L2 is regular because $a^{z z’} \forall ~ zz’ > 0 $ can be rewritten as $ a^{kz’} ~ \forall ~~ k > 0~ for ~a~ given ~z’ $ which is obviously regular. The DFA will have a z’ states and the last state will loop to the first.

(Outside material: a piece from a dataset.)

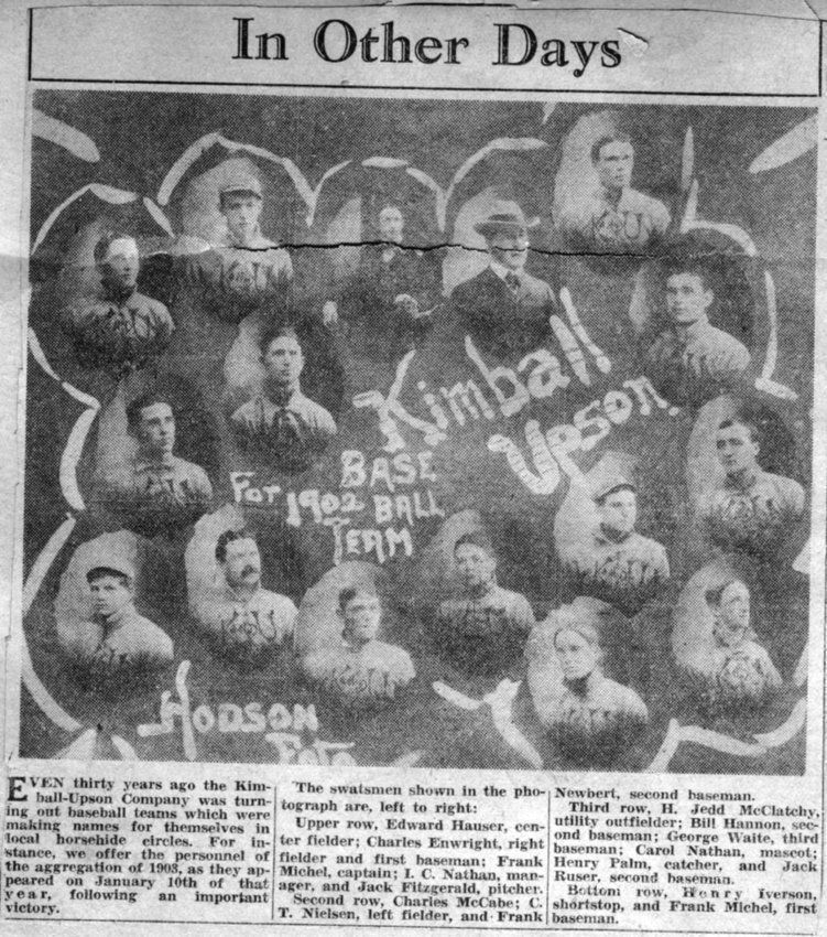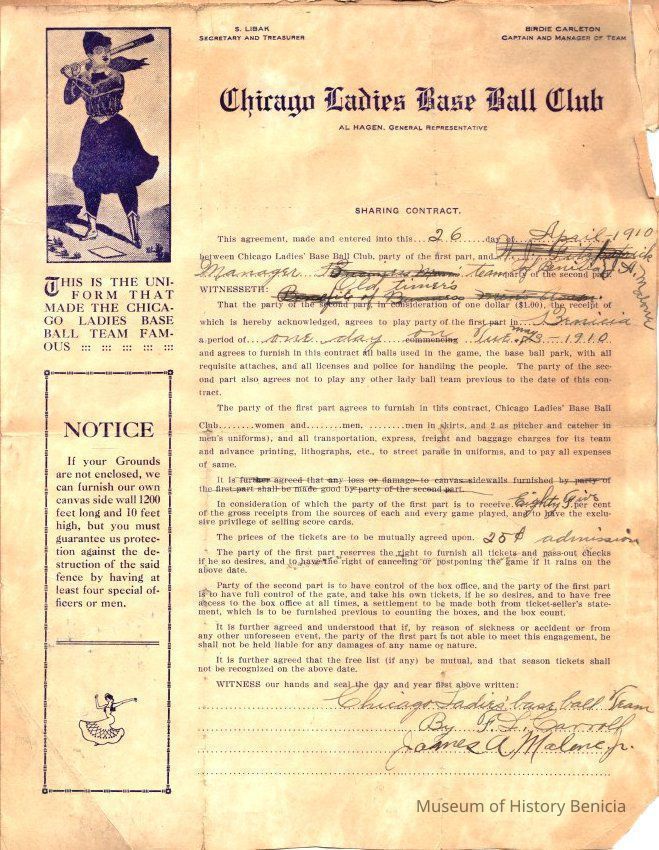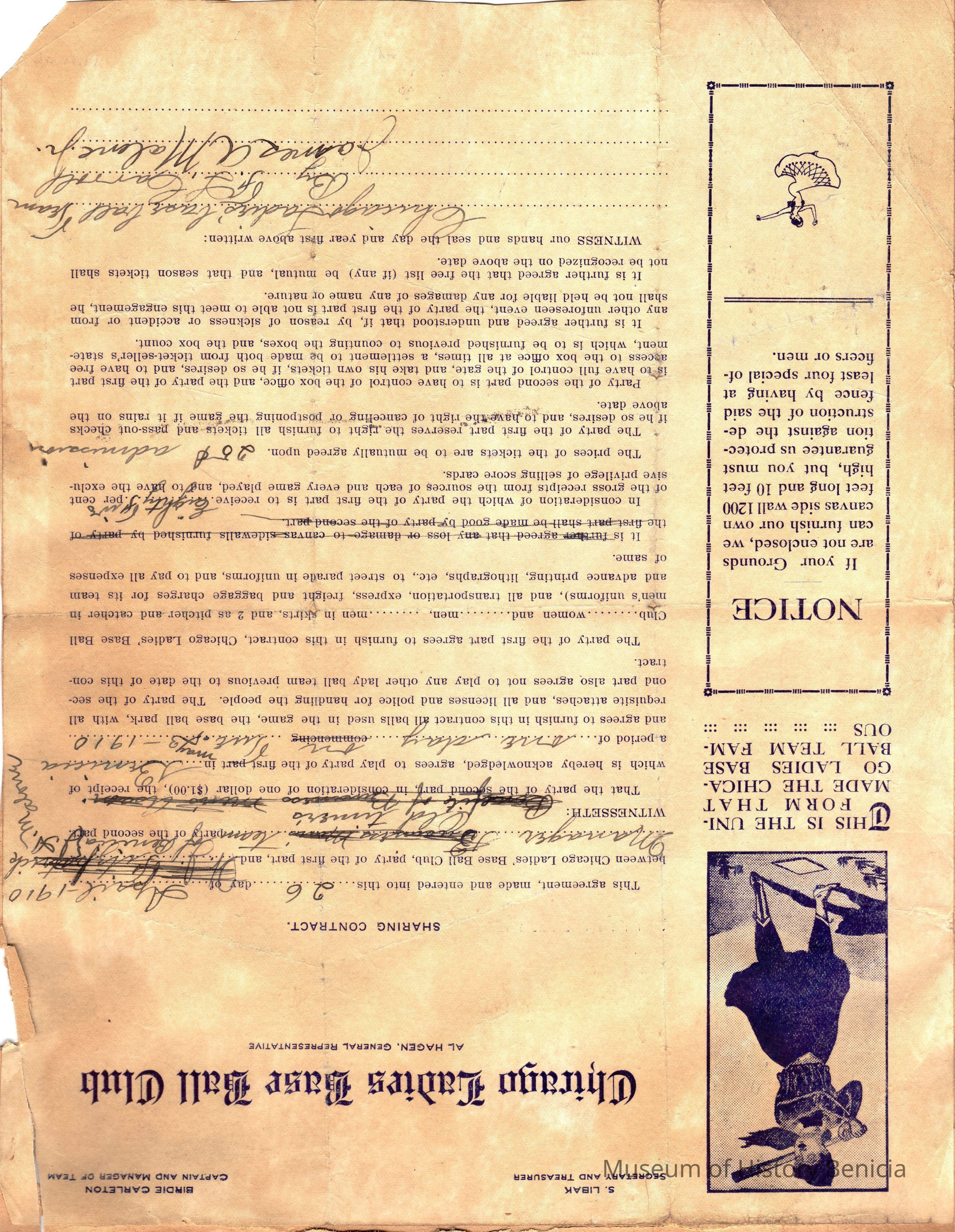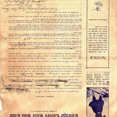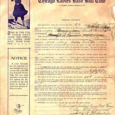 Contract with the Ladies Baseball Club of Chicago and John McClain from 1910. It is pasted to a brown scrapbook page and on the back is a newspaper clipping showing old time baseball players.Collection

L1 can be proven to be not regular by pumping lemma too. Let the pumping distance be $k$. Take the first values of $ a^{z’^{~m}} $ where $ z’ ^ {~m} > k $ . Now $ a^{z’^{~m+1}} = a^ { z’ ^ {~m} \times z’ } >= 2* a^ { z’ ^ {~m} } \forall z’ >= 2$. (Note that when z’=1, the language is regular and the language contains only one string). Now between $ z’^{~m} $ and $2*z’^{~m}$, there lies at least one values of $ k + n*p $ where $ 0<p<=k $ and $ n $ is the number of times the string of length $p$ is pumped. Note that we have taken $ z’ ^ {~m} > k $ . By division algorithm, $z’^{m} = q’ p + r , 0<=r<p$. Now $ z’^{~m}<(q’+1)*p<2*z’^{~m} $. This is not a part of $ a^{z’^{~z}} $. Hence it contradicts pumping lemma.